Mais cette année, un marronnier en rencontre un autre, politique celui-ci, qui consiste à déplorer l’augmentation du nombre de lois, pour la combattre. Le Conseil fédéral vient en effet de rendre un rapport en réponse à un postulat PLR. On y disserte sur des propositions connues: supprimer une loi existante pour chaque nouveau texte, fixer une durée de vie aux réglementations, analyser plus précisément l’impact des actes adoptés. Le gouvernement conclut que tout ne va pas si mal, et qu’il s’engage fermement – tenez-vous bien – à «réexaminer ponctuellement le bien-fondé» des normes.
Deux fois plus de tracas, vraiment?
Voilà qui ne rassurera pas les postulants. Le document leur offre en apparence des arguments de taille: entre 1984 et 2015, le recueil du droit en vigueur dans notre pays a passé de 34 720 à 69 354 pages. Deux fois plus de lois, deux fois plus de tracas, nous dira-t-on, confondant au passage simplisme et simplification.

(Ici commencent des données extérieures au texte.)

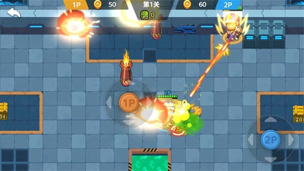 4、在游戏中石油两个角色的,因为我们选的是双人闯关,左边是1p右边则是2p操作区域;

Pourtant les détracteurs de l’inflation législative sont aussi ceux qui nous serinent que le monde devient de plus en plus complexe de par la globalisation, la numérisation, l’accélération des échanges… D’ailleurs, souvent à raison. Faut-il alors s’étonner que la législation suive le mouvement? Avec une croissance de 130% en trente ans, c’est d’ailleurs le droit international qui s’est le plus enrichi (+74% pour le droit interne). Le repli sur soi serait la meilleure façon de réduire le corpus juridique…

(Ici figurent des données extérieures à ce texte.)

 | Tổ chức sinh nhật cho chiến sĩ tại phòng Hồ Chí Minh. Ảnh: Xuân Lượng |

Cette bataille masque les vrais enjeux. Oui, il faut mieux évaluer nos lois. Non, les obligations légales ne sont pas toujours simples, et, mal expliquées, elles compliquent parfois la vie des entrepreneurs, des citoyens ou des assurés. Améliorons-nous sur ces points. Mais une loi ne se résume pas à son nombre de pages. Rappelons donc aux chevaliers de la simplification législative que la réalité est parfois… plus complexe.